**What is being asked**
Please give back exactly the line with "Healthy breakfast on" and each line after it through the end of the material, leaving out the pictures.

Raw data Block Start

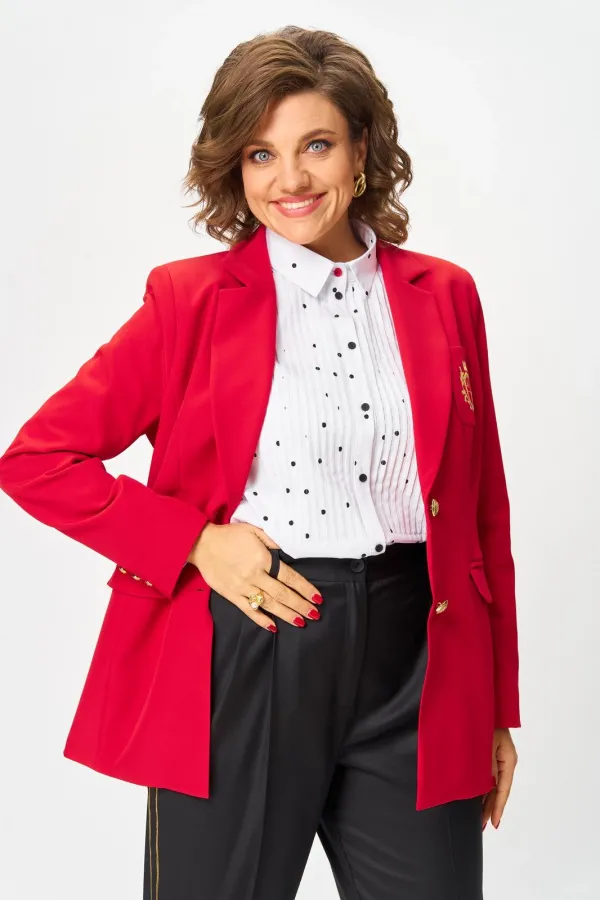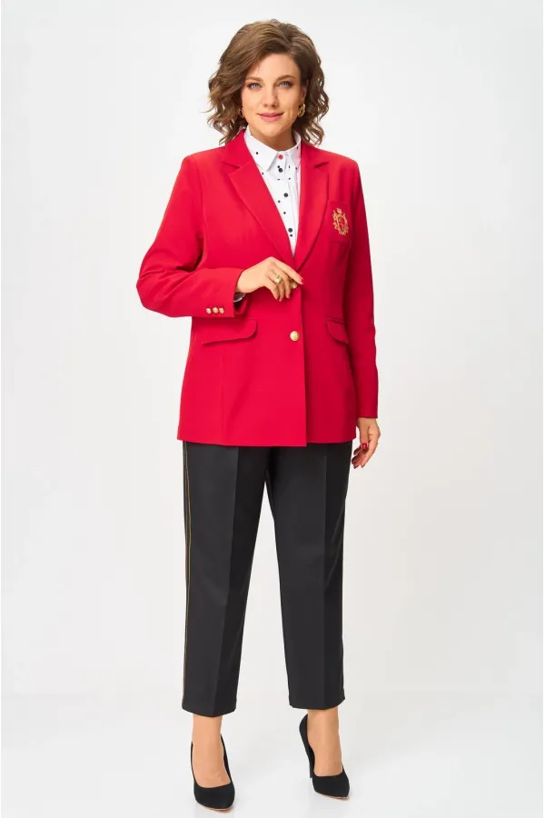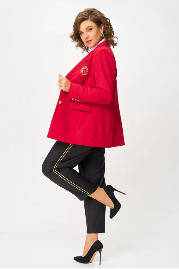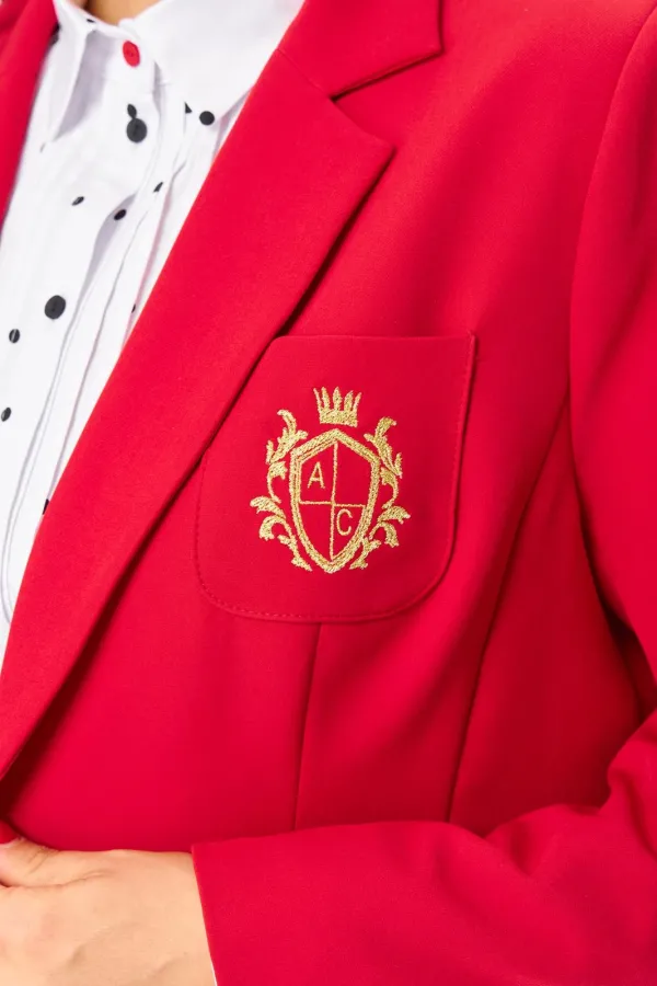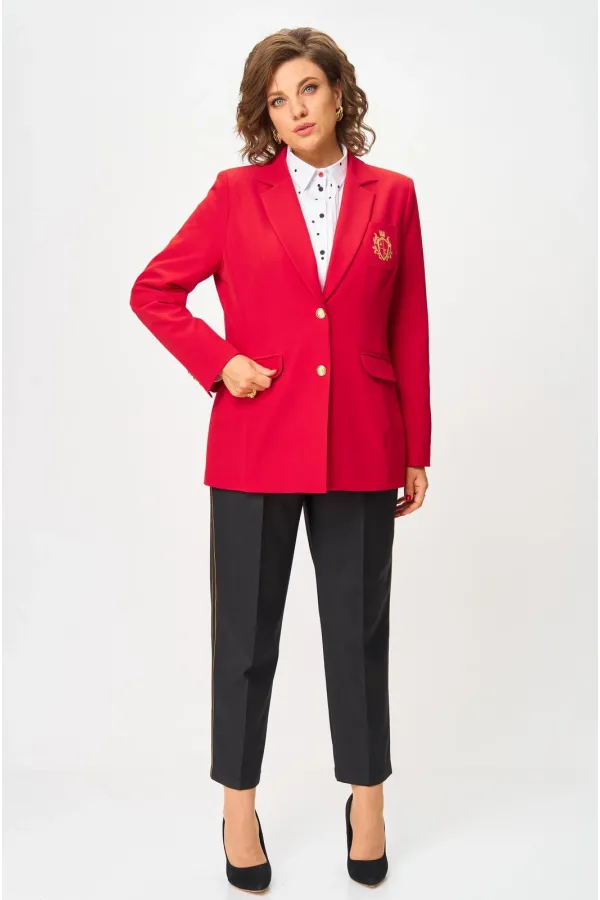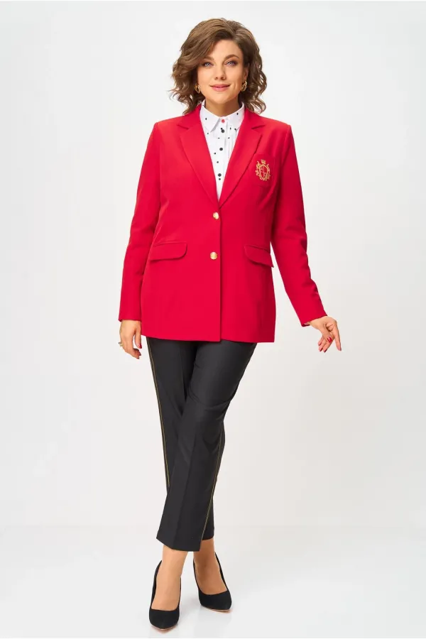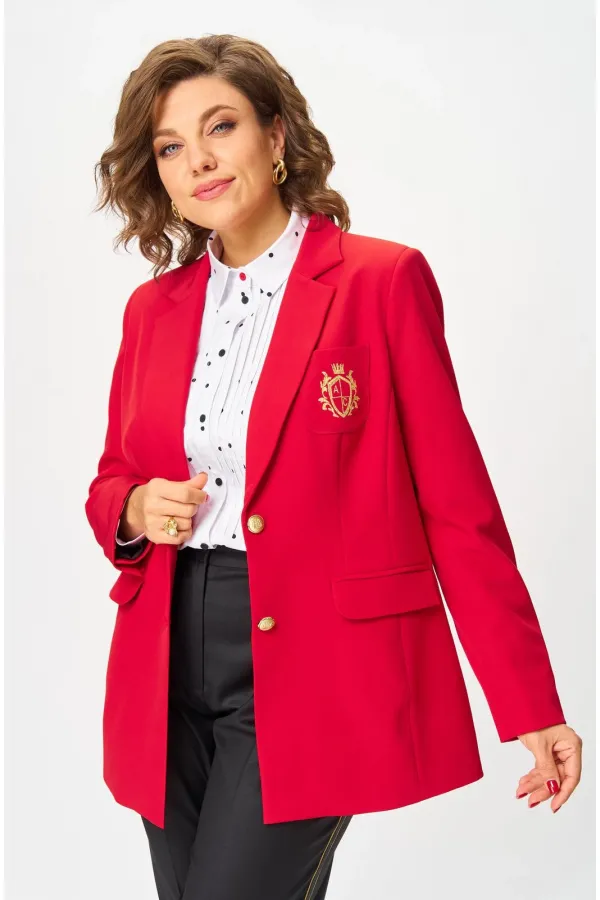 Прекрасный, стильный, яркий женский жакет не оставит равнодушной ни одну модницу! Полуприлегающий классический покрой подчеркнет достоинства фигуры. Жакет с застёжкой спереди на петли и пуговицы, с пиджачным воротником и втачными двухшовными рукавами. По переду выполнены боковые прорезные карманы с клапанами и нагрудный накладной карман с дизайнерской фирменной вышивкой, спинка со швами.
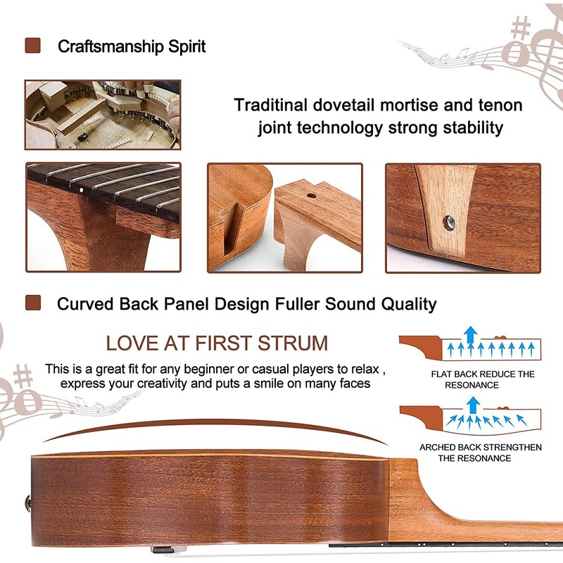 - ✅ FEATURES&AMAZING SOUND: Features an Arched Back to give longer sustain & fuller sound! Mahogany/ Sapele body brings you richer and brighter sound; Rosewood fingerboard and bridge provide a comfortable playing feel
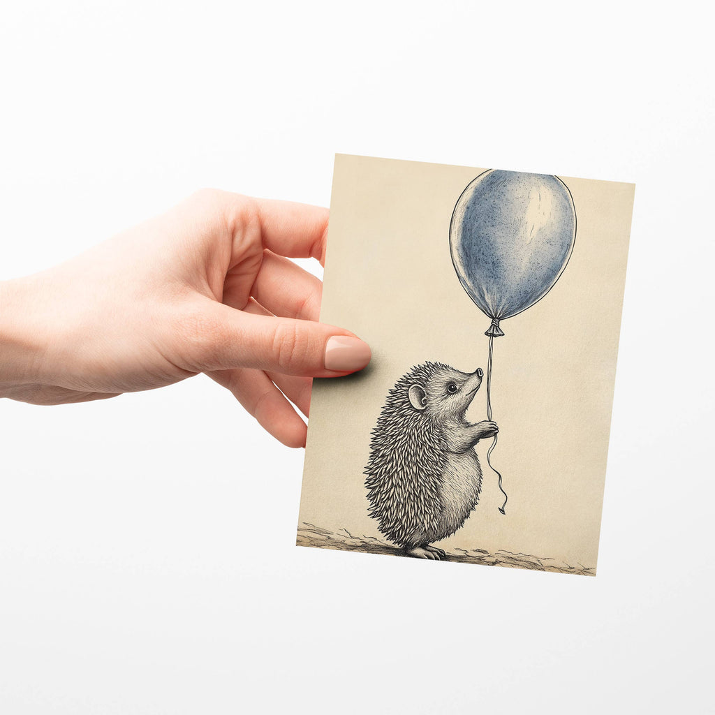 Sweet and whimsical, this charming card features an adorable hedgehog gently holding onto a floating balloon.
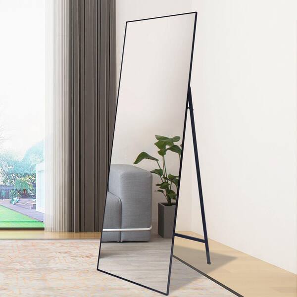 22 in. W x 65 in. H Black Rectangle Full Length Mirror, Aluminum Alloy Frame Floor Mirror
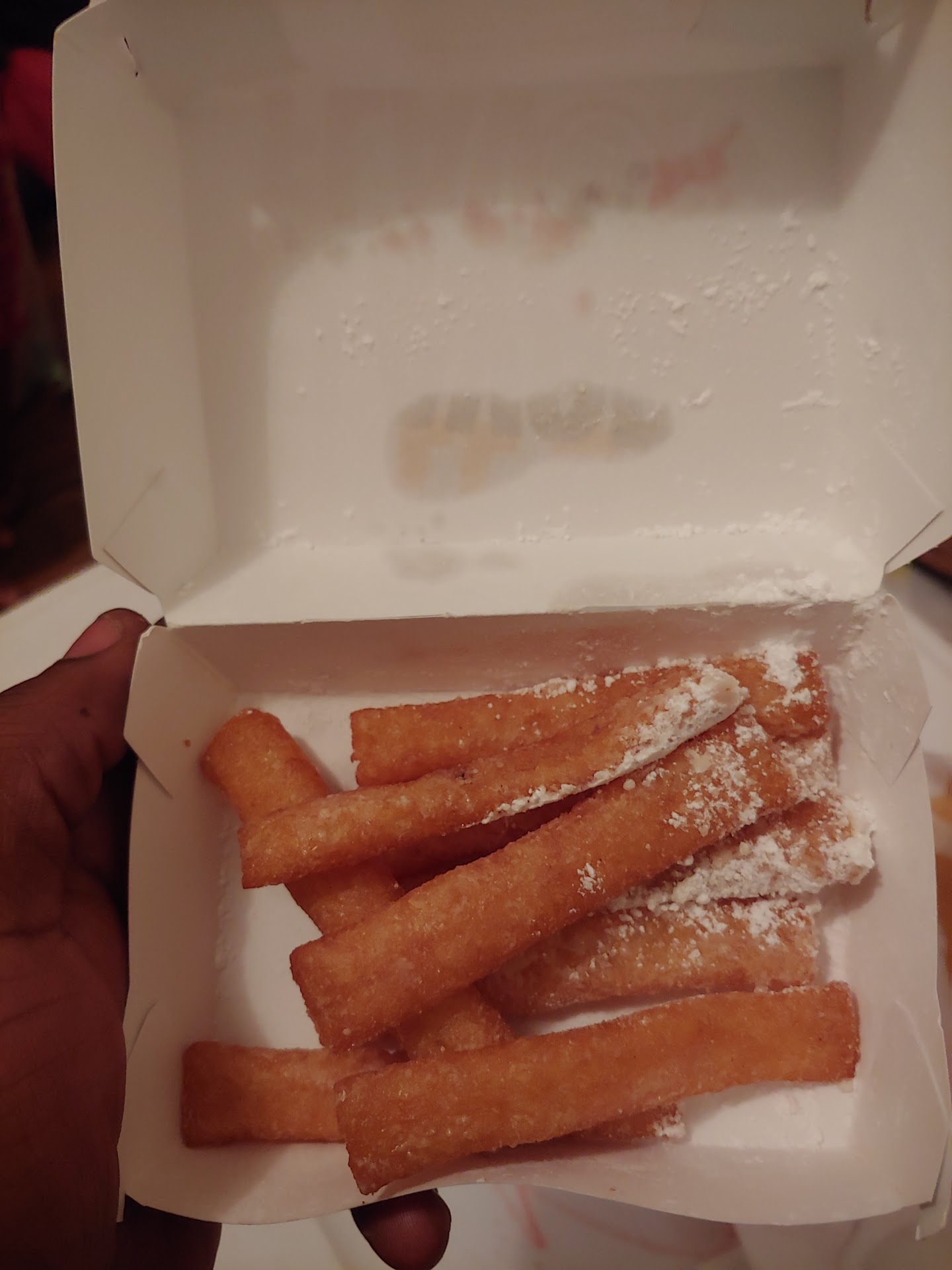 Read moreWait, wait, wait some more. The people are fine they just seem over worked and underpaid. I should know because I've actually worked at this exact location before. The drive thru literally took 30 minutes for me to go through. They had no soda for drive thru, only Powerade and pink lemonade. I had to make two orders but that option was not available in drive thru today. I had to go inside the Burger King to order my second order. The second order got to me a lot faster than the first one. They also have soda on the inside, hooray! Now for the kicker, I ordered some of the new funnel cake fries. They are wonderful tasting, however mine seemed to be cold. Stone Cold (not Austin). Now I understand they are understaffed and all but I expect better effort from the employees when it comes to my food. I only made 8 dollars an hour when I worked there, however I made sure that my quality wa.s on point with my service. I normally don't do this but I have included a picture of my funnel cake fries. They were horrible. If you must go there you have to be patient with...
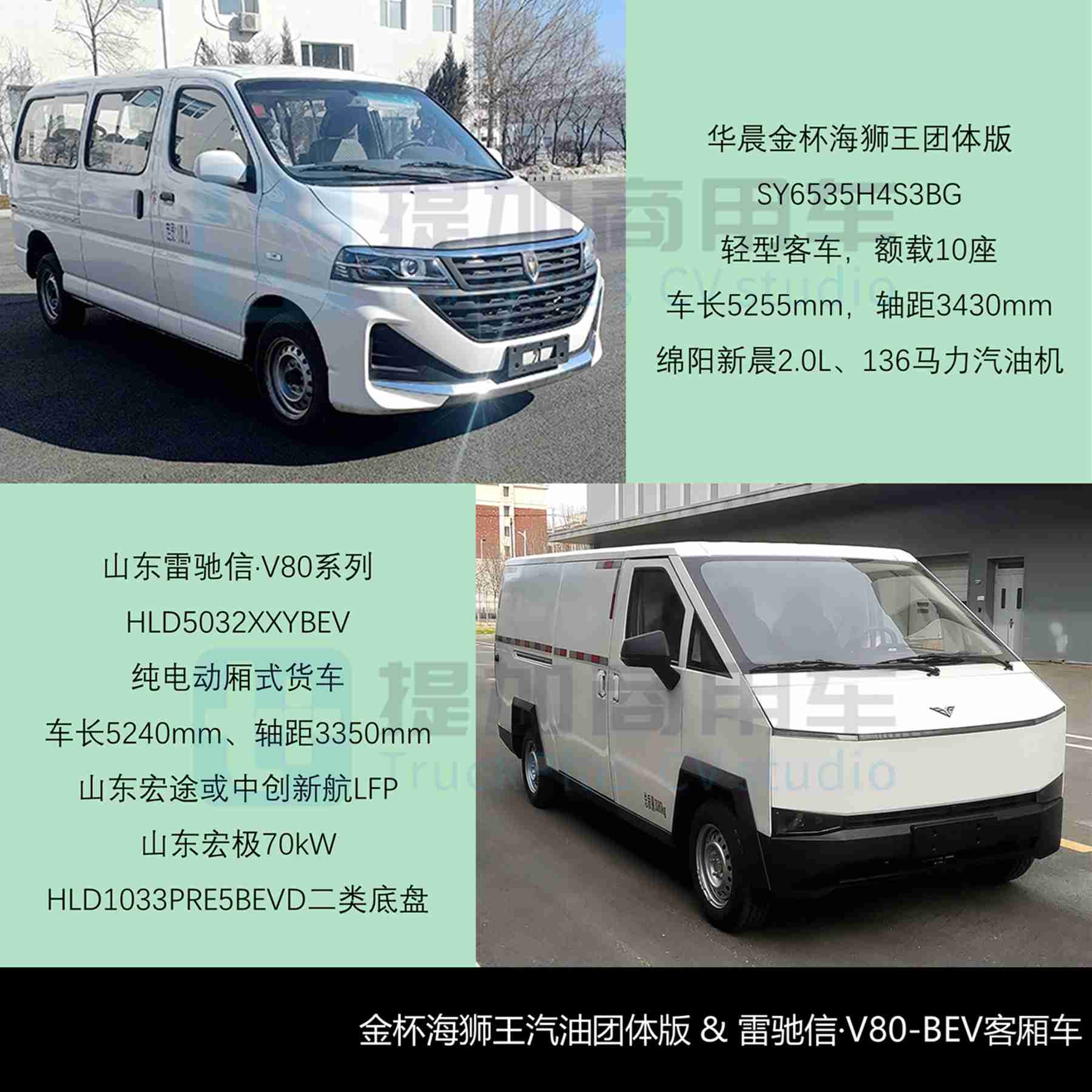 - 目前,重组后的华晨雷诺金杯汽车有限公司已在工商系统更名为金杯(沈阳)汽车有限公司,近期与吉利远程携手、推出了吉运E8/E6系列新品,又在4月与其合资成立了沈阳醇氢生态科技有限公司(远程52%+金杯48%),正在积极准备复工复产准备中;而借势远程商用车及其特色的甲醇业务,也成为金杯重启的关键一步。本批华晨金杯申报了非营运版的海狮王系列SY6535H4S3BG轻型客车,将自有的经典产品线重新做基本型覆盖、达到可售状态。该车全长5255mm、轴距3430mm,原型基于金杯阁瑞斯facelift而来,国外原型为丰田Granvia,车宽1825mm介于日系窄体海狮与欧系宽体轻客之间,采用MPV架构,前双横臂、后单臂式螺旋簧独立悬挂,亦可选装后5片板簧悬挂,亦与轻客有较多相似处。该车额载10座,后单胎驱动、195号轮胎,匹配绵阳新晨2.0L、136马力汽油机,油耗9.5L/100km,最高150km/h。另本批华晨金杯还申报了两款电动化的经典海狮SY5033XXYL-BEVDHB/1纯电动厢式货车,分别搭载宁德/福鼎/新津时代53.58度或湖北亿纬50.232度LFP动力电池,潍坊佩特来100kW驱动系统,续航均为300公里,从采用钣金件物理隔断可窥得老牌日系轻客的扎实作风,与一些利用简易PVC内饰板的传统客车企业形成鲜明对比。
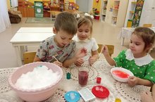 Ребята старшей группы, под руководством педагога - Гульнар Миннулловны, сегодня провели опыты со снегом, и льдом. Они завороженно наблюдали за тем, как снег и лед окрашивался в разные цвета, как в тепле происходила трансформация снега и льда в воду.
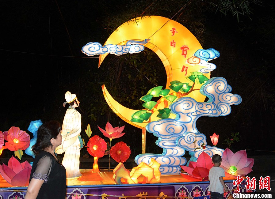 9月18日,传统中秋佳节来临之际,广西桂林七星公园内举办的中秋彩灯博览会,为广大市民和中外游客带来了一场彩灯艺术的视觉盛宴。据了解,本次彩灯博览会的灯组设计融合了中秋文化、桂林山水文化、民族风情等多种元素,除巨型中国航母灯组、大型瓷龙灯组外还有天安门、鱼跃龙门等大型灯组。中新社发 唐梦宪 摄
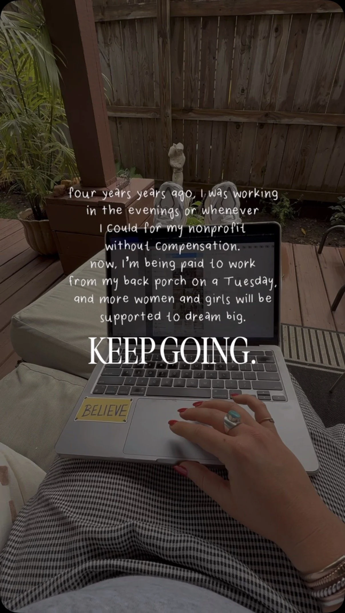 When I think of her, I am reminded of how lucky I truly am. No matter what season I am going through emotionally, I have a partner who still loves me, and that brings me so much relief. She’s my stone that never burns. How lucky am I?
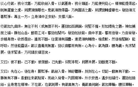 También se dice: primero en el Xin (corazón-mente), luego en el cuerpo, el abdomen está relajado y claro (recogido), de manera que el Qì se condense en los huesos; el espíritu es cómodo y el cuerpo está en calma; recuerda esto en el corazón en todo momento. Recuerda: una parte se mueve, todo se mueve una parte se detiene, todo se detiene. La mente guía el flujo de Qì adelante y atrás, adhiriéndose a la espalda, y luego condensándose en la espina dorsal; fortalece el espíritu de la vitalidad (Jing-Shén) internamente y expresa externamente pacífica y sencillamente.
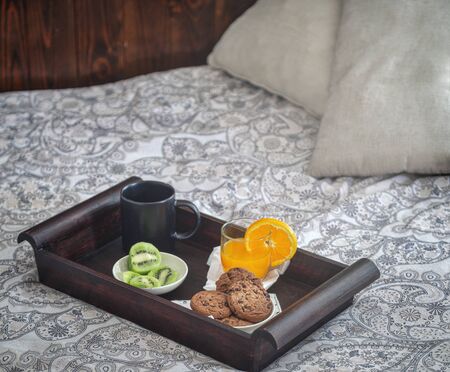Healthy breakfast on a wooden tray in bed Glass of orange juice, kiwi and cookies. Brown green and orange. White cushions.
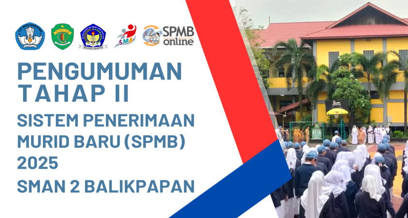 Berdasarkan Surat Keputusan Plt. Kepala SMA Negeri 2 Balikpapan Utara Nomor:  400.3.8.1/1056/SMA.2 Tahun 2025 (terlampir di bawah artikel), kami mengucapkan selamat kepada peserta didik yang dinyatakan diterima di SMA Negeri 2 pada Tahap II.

Raw data Block End

**Answer for the task**
Healthy breakfast on a wooden tray in bed Glass of orange juice, kiwi and cookies. Brown green and orange. White cushions.
 Berdasarkan Surat Keputusan Plt. Kepala SMA Negeri 2 Balikpapan Utara Nomor:  400.3.8.1/1056/SMA.2 Tahun 2025 (terlampir di bawah artikel), kami mengucapkan selamat kepada peserta didik yang dinyatakan diterima di SMA Negeri 2 pada Tahap II.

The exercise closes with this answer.